I’m what you’d call a reluctant triathlete.
Racing in a triathlon is definitely a challenge but it’s a challenge worth taking. However, before you run out the door to purchase a wetsuit learn from my newbie mistakes.
Find Your Distance:
When I registered for my first triathlon I signed up for an Olympic distance. That’s a 1.5-kilometre swim, a 40-kilometre bike ride and a 10-kilometre run. It seemed a doable distance while sitting in front of my computer with my feet on an ottoman but about a month into training, when I was still unable to swim one lap, reality set in; I knew that an Olympic distance was not going to be possible AT ALL.
Make your first race an achievable goal. While you want to push yourself, you don’t want to set yourself up for failure. Many triathlons offer Sprint distances (750-metre swim, 20-kilometre bike ride, five-kilometre run) or even a Try A Tri distance (typically about half the sprint distance).
Get The Gear:
The basic equipment required for race day is:
Swim: Goggles, swimsuit or tri suit, and a wetsuit. (Wetsuits are sometimes mandatory so be sure to check the rules for your particular triathlon.) Swim caps are typically provided.
Cycle: Bike, helmet (mandatory) and shorts and a t-shirt to pull over your swimsuit if you aren’t wearing a tri suit.
Run: Good running shoes.
Not Necessary But Good To Have Item: Sunglasses.
Don’t Break The Bank
While triathlons have a reputation for being expensive don’t feel like you need to spend a large amount of money for your first race.
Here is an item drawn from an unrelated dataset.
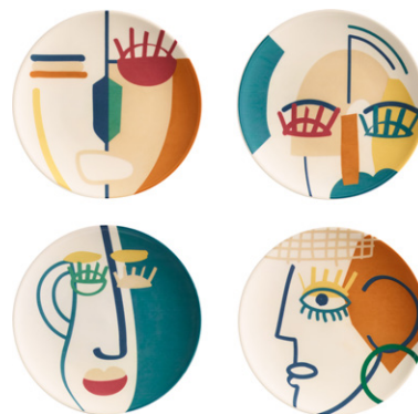
OSCAR Set de 4 platos de postre de gres (23x8 cm; 19,90€)

Wetsuits can be borrowed or rented. (Book early to reserve one for your race day.) For the cycling portion, your good old mountain bike or a 10-speed will do just fine. In my second-ever triathlon, I was passed by a woman riding a bike that had no gears and a cute basket on the front. I was on a $2,000 road bike.
Note: Equipment can only take you so far. Hard work always pays off in the end.
Find People Or Groups To Help You Train
In January 2013 I joined a Learn To Swim class at my local community centre because, well, I didn’t want to drown in my first triathlon. At my initial class I couldn’t swim one 25-metre length; I stopped three quarters of of the way, gasping for breath. I sucked in more water in the first two classes than I typically drink in a week. A month in, I could barely swim 50 metres.
That was the night I went home crying and told my husband that I didn’t think I could do it, not unless a floatation device was involved. Perseverance has its merits and in July 2013 I raced in my first triathlon and swam 750 metres.
Find people who can help you achieve your goal. Don’t know how to swim or can’t swim very far? Sign up for swim classes. Not a strong runner? Join a running group. Not comfortable cycling longer distances? Find a local cycling group. Not only will this help you train, it makes you more accountable. Not training is much much easier when the only person who will ever know is you—and the bag of chips you ate while watching House Of Cards when you should have been running.
Last But Not Least … Celebrate!
You trained for months. You waited at the start for the horn to blow so you could swim your fiercest, pedal your hardest and run your fastest ever. You only get to cross that finish line for the first time once. Raise your arms in the air and smile, or dig deep and speed ahead. No matter how you cross that line, take a moment to savour the fact that you accomplished what you set out to do.
You’re now a triathlete and nobody can take that away from you.